By: Joy Pape
I attended the annual meeting of the American Association of Clinical Endocrinologists (AACE), held from May 14th to 18th, 2009. Here’s a re-cap of the buzz about ICU glycemic control, prediabetes, and vitamin D.
Inpatient Glycemic Control
An AACE and ADA consensus group called for significant changes in the way that healthcare professionals treat hospitalized patients with high blood glucose levels. They recommended revised glucose targets of 140 to 180 mg/dL in the ICU setting and 100 to 180 mg/dL for most patients admitted to general medical-surgical wards. People were talking about this because of recent attempts to intensively manage glucose targets in the ICU setting. In addition, several recent randomized controlled studies failed to show improvement when trying to achieve near normal glucose levels and instead showed an increase in mortality.
Quick View: Managing blood glucose levels in the inpatient environment is complex.

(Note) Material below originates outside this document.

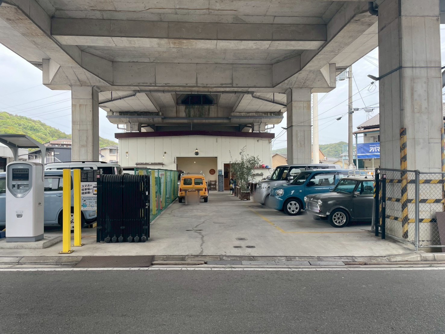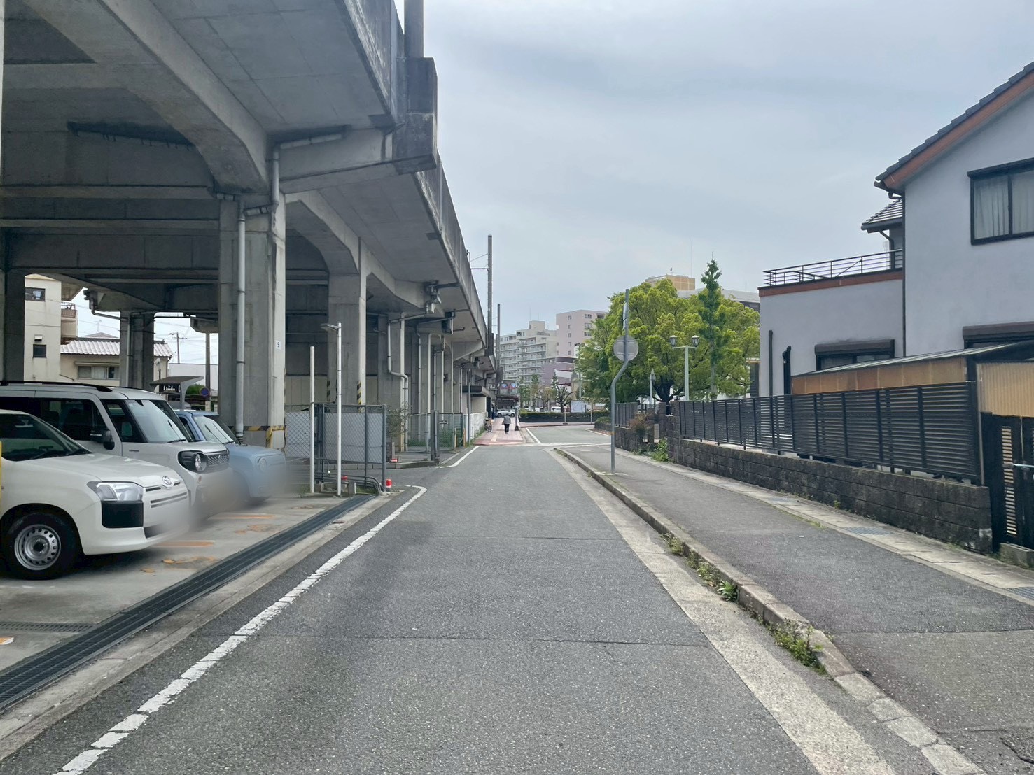 タイムズの駐車場が並ぶ高架沿いの道路を挟んで、居酒屋おいで家、炭火焼き鳥一福、ちょい飲み屋Uruとテナントが並んでいます。

Reacting Earlier to Prediabetes
New clinical recommendations include specific instructions for lifestyle intervention and medication. The opening session speaker, Dr. Alan Garber, MD, PhD, said, “Prediabetes is not a benign state. It is associated with an increased risk of cardiovascular complications and increased risk of small blood vessel and microvascular complications. The risks begin before diabetes is established, and, therefore, we need to treat it. Compliance with lifestyle interventions is usually poor. If lifestyle is not sufficient or if there is rapid beta cell failure, then aggressive pharmacology may be the best choice for first line therapy.”
AACE Vice President Daniel Einhorn, MD, FACP, FACE, also suggested a more aggressive approach to treating patients in high-risk groups, with medications, including metformin, TZDs, DDP4, and GLP1. He said, “These medications illustrate a specific ‘plan of attack’ for treating prediabetes. But it’s important that caution is exercised.” Dr. Einhorn suggested that A1c levels be considered as a diagnostic tool. “An A1c level of 6.0% to 6.5% indicates treatment for prediabetes, with certain caveats. Lifestyle intervention should be the cornerstone of treatment for all patients,” Einhorn said. “And it should be reinforced with each visit to the doctor.”
Quick View: Don’t take prediabetes lightly. Treat it as though it were diabetes. In time, we may be using the same diagnostic criteria for diabetes that we do now for prediabetes.
Dr. Neil Binkley, MD, Associate Professor in Geriatrics and Endocrinology at the University of Wisconsin, spoke about how low vitamin D levels are now endemic in the United States. He discussed the known relationship of vitamin D with bones, muscle, and cancer. He spoke of vitamin D’s relationship with other conditions as well, such as myocardial infarction, heart failure, blood pressure, mortality, cognition problems, and the list goes on. “National recommendations from the Food and Nutrition Board are 400 to 600 International Units (IU) a day. That’s simply not enough,” he said. “Experts recommend somewhere between 1,500 to 2,600 IU daily. It’s considered a very safe vitamin. One would need daily doses of 40,000 IU or higher before seeing negative side effects.”
Quick View: Casual sun exposure is not enough, and vitamin D inadequacy is common. It’s prudent to recommend vitamin D3, as we need at least 1,000 to 2,000 IU/day, and these higher doses are safe. Not everyone, however, needs the same dosage. Vitamin D adequacy will reduce osteoporotic fractures, falls, cancer and, potentially, other diseases.